### Task directions
The full listing, minus its pictures, should be printed again exactly as it stands.

### Data section
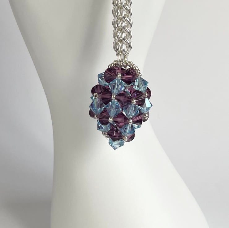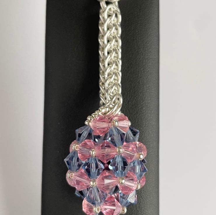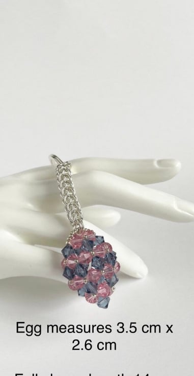 Pink and denim blue European Crystal bicones have been used to create this beautiful two coloured handmade shaped egg.
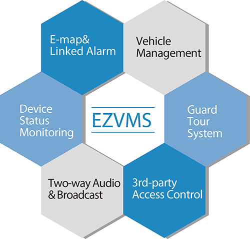 - Integrated with EZAgent, EZVMS is compatible with third-party access control.
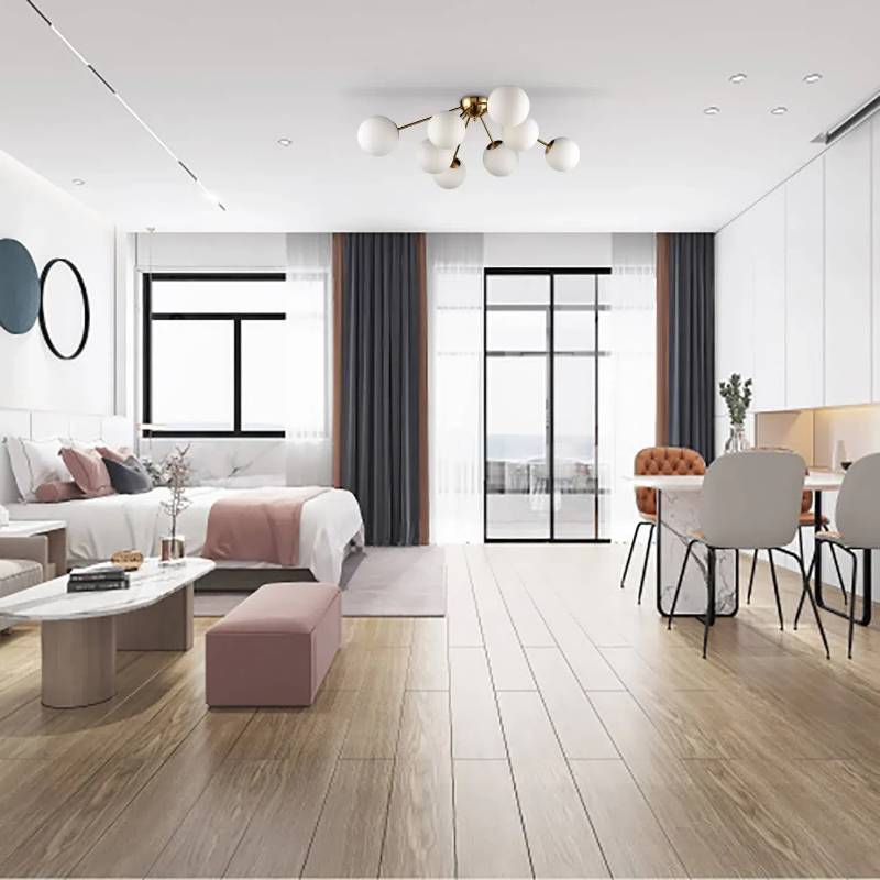 Being dressed in an electroplated brass finish, the 8-light Sputnik semi-flush mount ceiling light energizes the bedroom with a touch of brightness. Crafted from impurity-free hand-blown opaque opal glass, its glass shades of varying sizes offer a sleek sphere silhouette and a touch of geometry. Its Sputnik design boasts downward extending arms holding eight glass shades and suspending the fixture from a semicircular canopy. It provides the perfect blend of mid-century classic and contemporary elements and completes the aesthetic with a refined touch. Its rounded lampshades warm up the cool lines of the bedroom’s modern design. Its shiny brass finish is a great match for the tortilla wood floor and the tufted orange-brown chairs. The light fixture, the pink bench, and the pink bedding give the bedroom a burst of color and provide both function and style to the space.
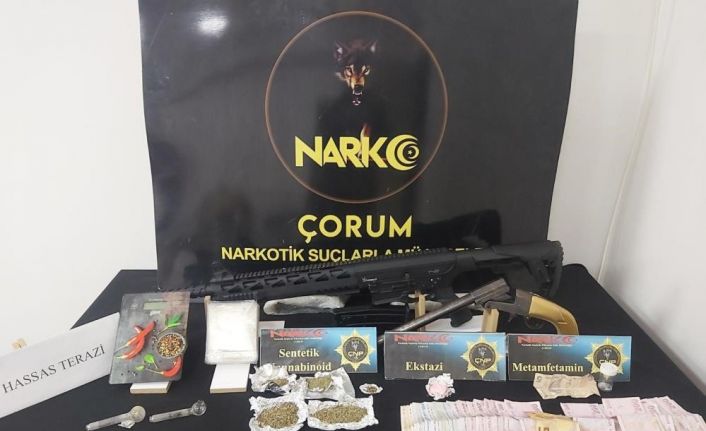 Çorum Emniyet Müdürlüğü, Narkotik Suçlarla Mücadele Şube Müdürlüğü ekipleri tarafından 2023 yılının ilk 5 aylık döneminde 45 operasyon gerçekleştirildi. Operasyonlarda toplam 85 kişi gözaltına alındı. Yakalanan şahısların ikamet, araç ve üzerlerinde yapılan aramalarda 418,69 gram esrar maddesi, 1 kilo 328,97 gram sentetik kannobinoid (bonzai) maddesi, 526 adet ecstasy hap, 26 bin 911 adet sentetik ecza maddesi, 1676,76 gram metamfetamin maddesi, 4 kök Hint keneviri bitkisi, 4,56 gram eroin maddesi, 2,26 gram kokain maddesi, 19,80 gram sentetik kannobinoid hammaddesi, 31,67 gram skunk maddesi ile 13 adet tabanca, 10 adet tüfek, 282 adet mermi, 36 bin 860 TL ve 50 Euro para ele geçirildi.

### Task answer
 Pink and denim blue European Crystal bicones have been used to create this beautiful two coloured handmade shaped egg.
 - Integrated with EZAgent, EZVMS is compatible with third-party access control.
 Being dressed in an electroplated brass finish, the 8-light Sputnik semi-flush mount ceiling light energizes the bedroom with a touch of brightness. Crafted from impurity-free hand-blown opaque opal glass, its glass shades of varying sizes offer a sleek sphere silhouette and a touch of geometry. Its Sputnik design boasts downward extending arms holding eight glass shades and suspending the fixture from a semicircular canopy. It provides the perfect blend of mid-century classic and contemporary elements and completes the aesthetic with a refined touch. Its rounded lampshades warm up the cool lines of the bedroom’s modern design. Its shiny brass finish is a great match for the tortilla wood floor and the tufted orange-brown chairs. The light fixture, the pink bench, and the pink bedding give the bedroom a burst of color and provide both function and style to the space.
 Çorum Emniyet Müdürlüğü, Narkotik Suçlarla Mücadele Şube Müdürlüğü ekipleri tarafından 2023 yılının ilk 5 aylık döneminde 45 operasyon gerçekleştirildi. Operasyonlarda toplam 85 kişi gözaltına alındı. Yakalanan şahısların ikamet, araç ve üzerlerinde yapılan aramalarda 418,69 gram esrar maddesi, 1 kilo 328,97 gram sentetik kannobinoid (bonzai) maddesi, 526 adet ecstasy hap, 26 bin 911 adet sentetik ecza maddesi, 1676,76 gram metamfetamin maddesi, 4 kök Hint keneviri bitkisi, 4,56 gram eroin maddesi, 2,26 gram kokain maddesi, 19,80 gram sentetik kannobinoid hammaddesi, 31,67 gram skunk maddesi ile 13 adet tabanca, 10 adet tüfek, 282 adet mermi, 36 bin 860 TL ve 50 Euro para ele geçirildi.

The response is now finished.